Condizioni e status sociali di diversa natura definiscono una schiera di personaggi, al servizio del Senato e quindi dello Stato, ma principalmente al servizio di se stessi e dei loro principi, in altre parole a sostegno della libertà dell’uomo; una libertà da sempre agognata ma nello stesso tempo temuta e difesa perché – si sa – ogni cambiamento, che sovverte l’ordine o la normalità, fa veramente paura. L’autrice non si stanca mai di ricordare e sottolineare questo e altro attraverso le azioni dei personaggi, citazioni poetiche e tracce epiche. Simpaticamente, la vedo abile e perfetta nell’Accademia della Crusca, dove vive e si trasmette la cultura, dove nei suoi quattro secoli di attività si è sempre apprezzato l’impegno a mantenere “pura” la lingua italiana.

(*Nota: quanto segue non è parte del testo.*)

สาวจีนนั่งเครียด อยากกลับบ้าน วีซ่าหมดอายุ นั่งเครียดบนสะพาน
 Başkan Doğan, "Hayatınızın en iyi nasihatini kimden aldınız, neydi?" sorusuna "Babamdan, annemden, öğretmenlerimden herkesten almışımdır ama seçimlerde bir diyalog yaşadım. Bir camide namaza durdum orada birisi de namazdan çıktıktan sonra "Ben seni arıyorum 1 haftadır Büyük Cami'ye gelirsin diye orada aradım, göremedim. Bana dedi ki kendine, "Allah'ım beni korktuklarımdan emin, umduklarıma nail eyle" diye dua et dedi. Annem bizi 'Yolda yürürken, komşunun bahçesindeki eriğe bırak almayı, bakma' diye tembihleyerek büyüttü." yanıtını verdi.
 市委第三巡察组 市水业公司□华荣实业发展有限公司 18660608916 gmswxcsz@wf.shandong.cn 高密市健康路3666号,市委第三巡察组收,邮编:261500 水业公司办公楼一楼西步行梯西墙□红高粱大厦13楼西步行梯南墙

Quale membro virtuale dell’Accademia, l’autrice riesce a mantenere e rinnovare le antiche tradizioni nella lessicografia e nei contenuti narrativi.

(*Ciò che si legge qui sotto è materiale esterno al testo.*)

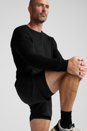 A man wears maroon Pivotal 2.0 Men's Lined Short 7
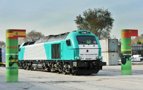 2014年12月9日,首趟由中国义乌开往西班牙马德里的中欧国际铁路货运班列“义新欧”抵达马德里阿布罗尼迦尔货运站。新华社发
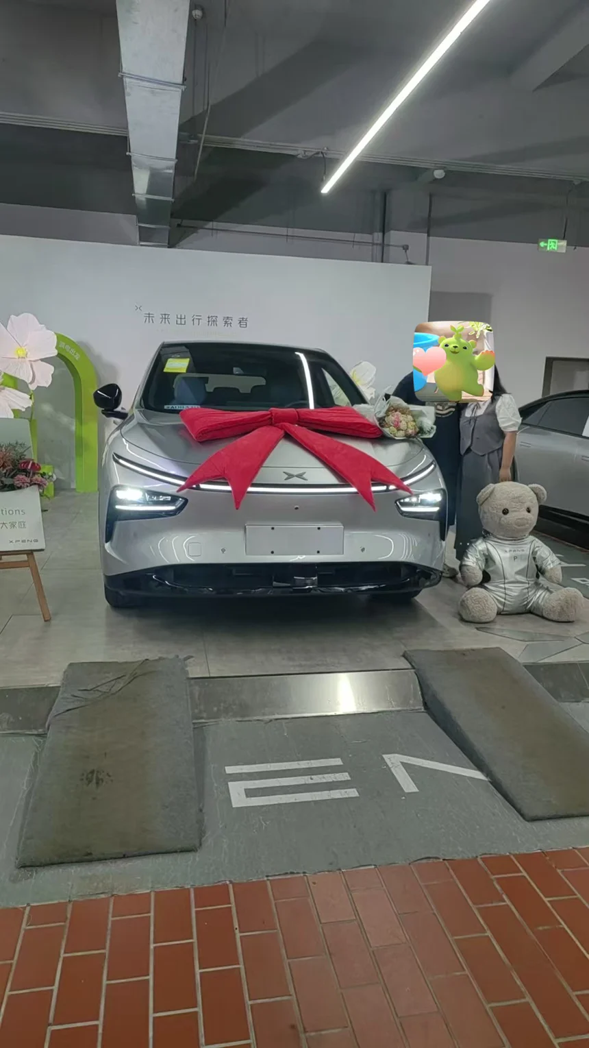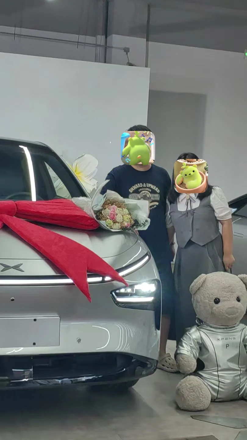 一家人开开心心,提车啦,小鹏你的首选
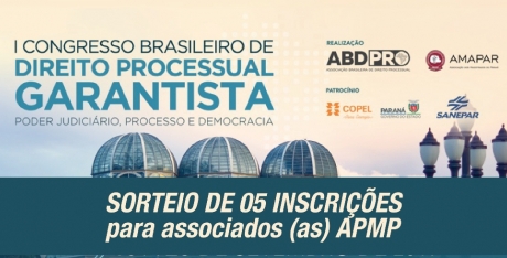 A APMP sorteará 05 (cinco) inscrições para o I Congresso Brasileiro de Direito Processual Garantista, que ocorrerá de 18 a 20 de setembro, no Grand Hotel Rayon, em Curitiba.

Come nella memoria di una ‘festa’ – poeticamente descritta durante una notte stellata su una nave romana – la danza e la musica delle sue parole sembrano il respiro del libro, dove l’autrice balla in un cielo di idee vive e pulsanti. Con fierezza, recita e sostiene il sentimento della libertà universale e individuale che circola tra profondi pensieri “ai confini del mondo” e alla ricerca della verità.

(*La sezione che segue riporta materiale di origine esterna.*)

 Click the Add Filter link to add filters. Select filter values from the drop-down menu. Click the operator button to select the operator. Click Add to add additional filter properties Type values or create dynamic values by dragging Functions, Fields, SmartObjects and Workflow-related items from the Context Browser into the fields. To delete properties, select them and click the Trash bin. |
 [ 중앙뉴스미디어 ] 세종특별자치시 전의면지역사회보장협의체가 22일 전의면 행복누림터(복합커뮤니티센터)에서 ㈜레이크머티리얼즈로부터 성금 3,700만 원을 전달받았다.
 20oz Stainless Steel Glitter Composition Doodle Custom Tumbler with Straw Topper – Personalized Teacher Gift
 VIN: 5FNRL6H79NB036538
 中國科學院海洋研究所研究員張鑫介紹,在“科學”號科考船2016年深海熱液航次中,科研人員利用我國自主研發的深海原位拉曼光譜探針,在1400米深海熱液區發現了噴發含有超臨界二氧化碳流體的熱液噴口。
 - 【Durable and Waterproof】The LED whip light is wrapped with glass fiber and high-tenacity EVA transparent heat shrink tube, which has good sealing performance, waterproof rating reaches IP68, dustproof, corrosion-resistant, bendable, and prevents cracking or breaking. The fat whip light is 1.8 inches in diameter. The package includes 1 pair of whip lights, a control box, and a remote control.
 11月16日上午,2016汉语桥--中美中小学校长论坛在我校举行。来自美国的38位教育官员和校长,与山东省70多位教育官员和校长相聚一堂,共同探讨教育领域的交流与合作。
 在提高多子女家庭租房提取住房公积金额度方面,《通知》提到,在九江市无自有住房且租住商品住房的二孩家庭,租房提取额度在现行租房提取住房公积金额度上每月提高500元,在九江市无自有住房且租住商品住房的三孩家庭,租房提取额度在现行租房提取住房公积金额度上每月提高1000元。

Sulla linea del tempo e di quel tratto di storia, tormentato da assalti e feroci battaglie, alcune volte parlano i ricordi di distinti condottieri romani incaricati – a vario titolo – di proteggere l’Urbe, celebrati e narrati per placare gli animi e i sensi di colpa degli stessi, per consentire loro di sentirsi “eroi” nonostante tutto, nonostante scelte non sempre volute ma condizionate dalla gerarchia militare. Altre volte parlano i ricordi di una liberta, Epicari, per esaltare la volontà e la determinazione di una donna fuori dal comune, fuori dai rigorismi morali e mentali. Epicari, infatti, è una donna che non ha paura di esprimere le proprie opinioni e le condivide con gli “uomini”, con chi è ‘diverso’ da lei, in quella società e in quel tempo lontano. Con maestria e abilità, l’autrice ci suggerisce temi attuali anche se moralmente conflittuali dove l’uomo combatte e si ritrova ad affrontare sempre due generi di battaglie: quella personale e quella sociale. Talvolta si perde, altre si ritrova, anche se – come ci insegna la vita – cullato e sostenuto dagli affetti, dai valori in cui crede e per cui vive, come dagli amori più travolgenti. Suggerisce questo tema anche attraverso le parole di Quintilio Varo – personaggio che ci introduce nella casa e nella vita di Epicari – quando le dice «Tu qui sei e sarai sempre la benvenuta ma non si può tornare indietro del tutto, no? La condizione di schiava che in questa casa non ti è bastata cinque anni fa figuriamoci adesso. Quindi due sono per te le strade possibili: o quella di Bacco o quella di Minerva.» Due strade o due battaglie, rispettivamente segnate dalla sete di conoscenza o dalla apparenza. Due strade che spingono continuamente ogni persona a fare una scelta o a trovare un compromesso che non faccia poi così male. Ora come allora, la questione sulla disparità di genere torna viva e incalzante; la stessa che ancora oggi tormenta il senso e la morale che definisce la donna: “il male bello” o “un essere infido”.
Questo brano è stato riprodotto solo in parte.